Linking native C libraries

Hi. I have two packages. The first one is a lib that uses bindings for native C libary.

unsafe extern "C" {
    fn add(a: i32, b: i32) -> i32;
}

pub fn safe_add(a: i32, b: i32) -> i32 {
    unsafe { add(a, b) }
}

and the second one is exe that depends on this lib:

fn main() {
    let result = rust_lib::safe_add(2, 3);
    println!("The result of adding 2 and 3 is: {}", result);
}

I don't understand a few things:

1. Why does the lib compile without any build.rs scripts with cargo build?
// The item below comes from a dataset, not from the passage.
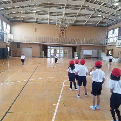 2年生の講堂での体育では跳び箱やマット運動をしています。跳び箱は苦手意識をできるだけなくして取り組めるように、導入の段階で感覚運動遊びを取り入れ、跳び箱の上部を両手でつく感覚や両足で踏み切る感覚を遊びの中でつけていっています。周りの友だちが一生懸命頑張っているのを見て、自然に声援の声が聞こえてきました。

It looks like the compiler doesn't check that the add function exists somewhere.
2. The exe compiles only if I add these build scripts:

// lib package
fn main() {
    println!("cargo::rustc-link-lib=add");
}

// exe package
fn main() {
    println!("cargo::rustc-link-search=native=<path/to/native/lib>");
 
}

Why does it work like this? I don't understand why I don't need to specify the library path in the lib's build script and the library name in the exe's build script. Do these build scripts depend on each other?
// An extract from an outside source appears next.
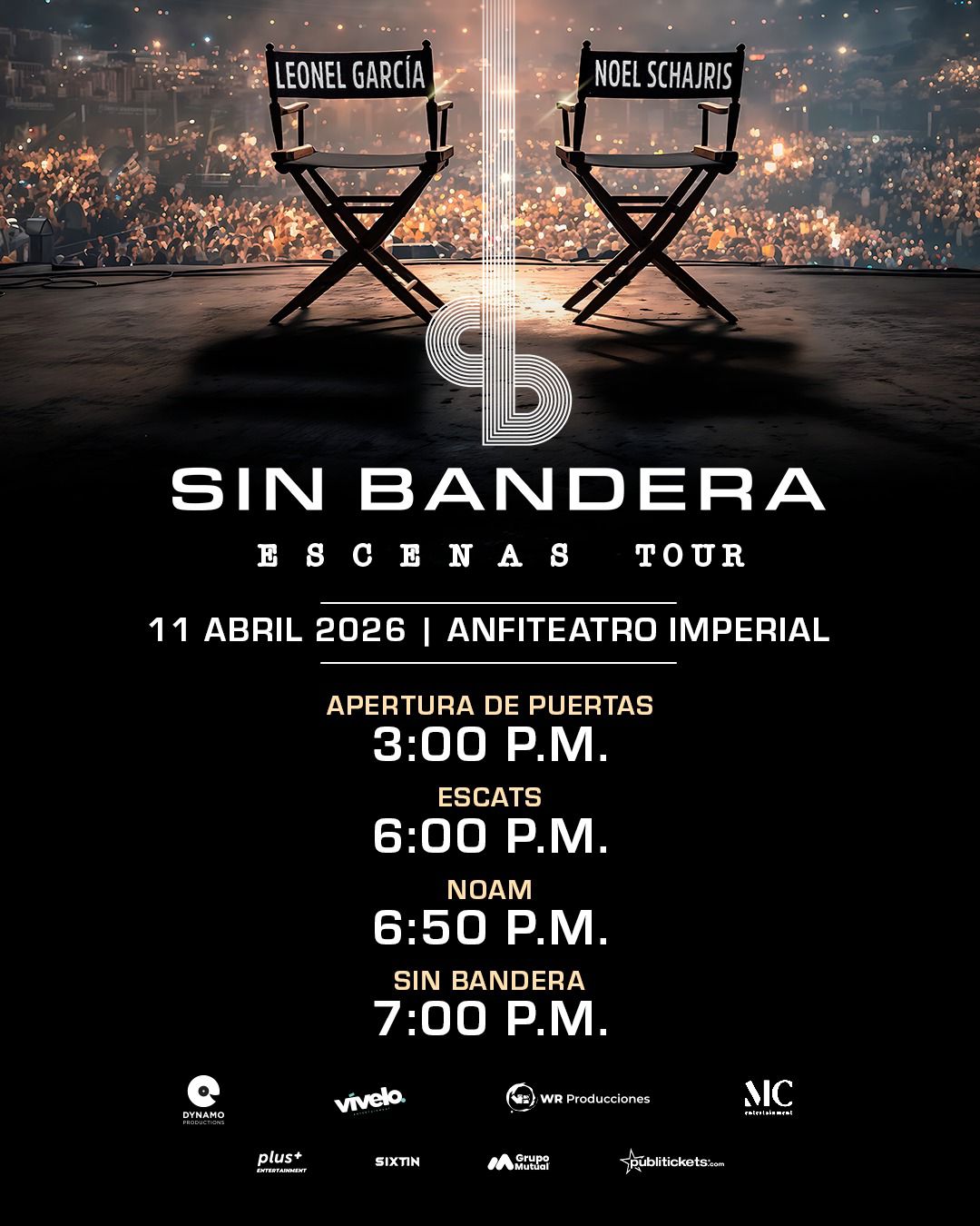 A esa misma hora, también subirá al escenario Noam, quien se encargará de calentar aún más el ambiente para los fanáticos que esperan ver a la agrupación Sin Bandera. Finalmente, a las 7:00 p. m., el dúo principal ofrecerá su esperado concierto.

Rust uses traditional C linkers, and the whole linking system is primitive and full of hacks.

All the linked C symbols live in a shared global namespace, which has no concept of libraries (beyond slight grouping of symbols by .a files), no type safety, no checks whether symbols come from the expected source.
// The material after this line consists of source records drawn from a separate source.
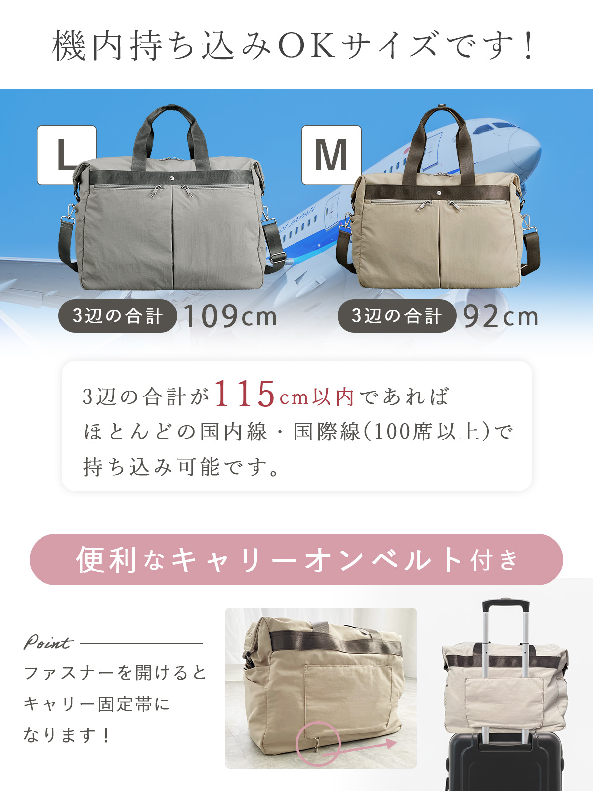 用途に合わせて選べるM、Lの2サイズ展開で、短期旅行から荷物の多い外出まで幅広く活躍。機内持ち込みサイズ対応。
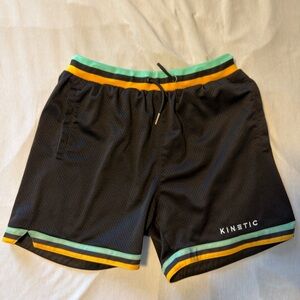 Kinetic White Athletic Shorts with Blue Stripes
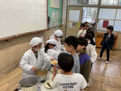 【1年】給食当番の様子
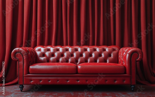 Red Leather Sofa Against Red Curtain, 3D Rendering for Living Room or Theater Stage Decoration

The linker, which is not part of Rust, smushes a bunch of files together until all names are connected to something with a matching name, and wishes you good luck.

What you get in extern "C" in Rust is a leaky abstraction. Rust tries to make it look like defined in a specific library, but all it can do is to make object files with missing symbols for the linker to link. The linker just gets a bunch of files, and all flags from all build scripts, but it has no concept of Rust crates and boundaries between them.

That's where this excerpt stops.